There are of course many opposing characteristics in this generation, but the general trend is a very reformatory one that will have important consequences for America's social fabric, its values and policies.

The world, regardless of attitudes to America, is following this trend, as the young in almost all countries are affected by the same changes in communication, education and multiculturalism. The world's Millennials -- be it in Europe, the Middle East, Latin America, most of Asia, and even Africa, aim to reap the fruits of globalization. In this they sense a greater empowerment through the connection on social networks. They are creating new alliances in their own communities and the world over. They can express their views to their political leaders without waiting for Election Day. They are mobilizing for social struggle and change of leadership by peaceful means -- from Occupy Wall Street to Tahrir Square. Social networking has become the new great democratizer; everybody is equal on Facebook and Twitter. Differences of nationality, color, race, religion, gender, sexual identity are irrelevant. Neither Barack Obama nor a coal miner in Chile can exceed 140 characters on Twitter; nor can a multi-billionaire.That empowerment and democratization will lead to profound changes, not only in America, but also in many parts of the world, for those who will choose to be part of globalization.

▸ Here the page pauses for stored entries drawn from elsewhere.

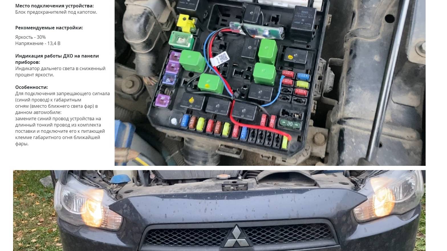 Стильно Дневные ходовые огни - это очень просто | ДХО Дальний свет в пол накала Mitsubishi Lancer 10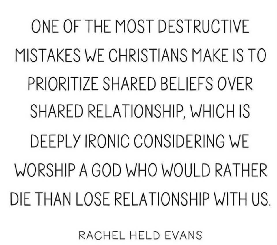 I like the phrasing, “prioritize shared beliefs over shared relationship”. Jesus first then the community. Or community in our shared relationship with Jesus. I know that I will not find another person who agrees with me in theory on Jesus because my experience of Jesus is individual and personal. And that is the mystery of the incarnation.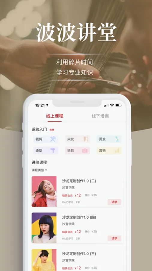 利用波波网可以低成本的完成行业专属的线上线下技术学习,轻松掌握最新,最流程的发型课程,永远保持大师的手艺!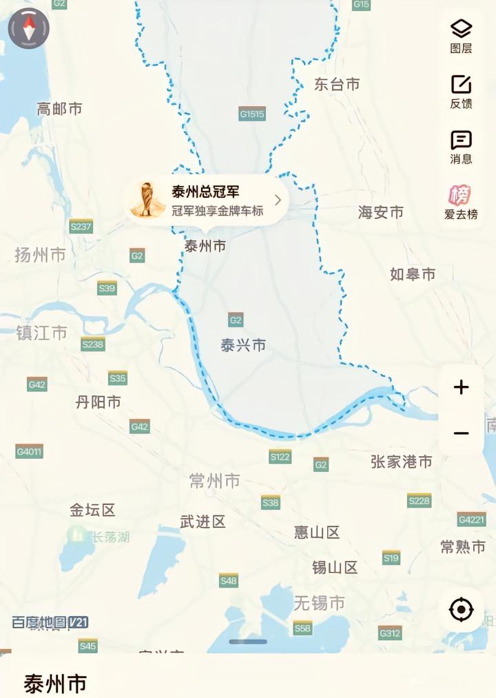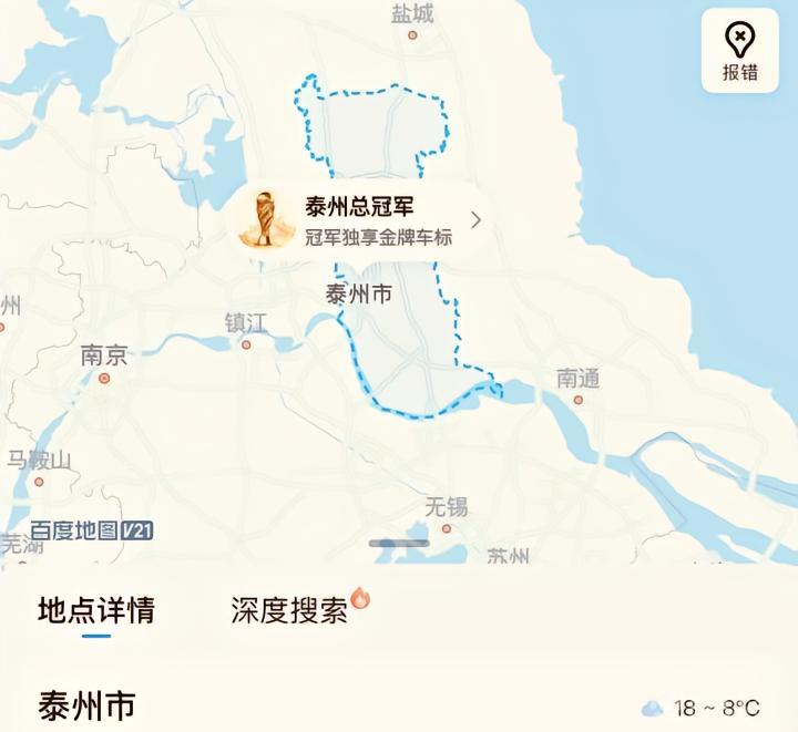 2025赛季“苏超”总决赛,泰州队经过点球大战击败南通队,夺得冠军。在泰州队夺冠后,百度地图APP搜索泰州市有新的变化——出现了醒目的“泰州总冠军”字样。

This generation worldwide is more caring of social causes than of national ambitions. Civil rights and equality, especially among the young, are important to the Millennials. They are more engaged in civil society activities for the needy in their cities, countries, and the world. Many volunteer at home, with the disabled, or minorities, or in Africa in child and orphan centers, bringing awareness in combating Malaria and AIDS.

War seems futile to most young, as it achieves nothing for their lives. A victory in war can only lead to mutual destruction and cannot lead to education, employment, or the attainment of basic freedoms. The American Peace Corps is today more important to many young Americans than the Marines. Through it, they can contribute and learn. The same is true for many other young who volunteer in many international NGOs.

It's a generation that favors peace, not out of a John Lennon peace ideology, but out of pragmatism in order to imagine and acquire, education, employment, and basic rights, in a globalized world.

The Middle East has its own Millennials. In the Arab world, and in Israel, they are half of the population. While many cling to religion and tradition, they also want to belong to globalization. Education, employment, and basic freedoms are the main aims of these generations. And with this comes a growing understanding that these are unattainable without peaceful coexistence.

And a word to the X Generation and the baby boomers who look at the Millennials often with paternalism and skepticism -- give them a chance, and let them lead.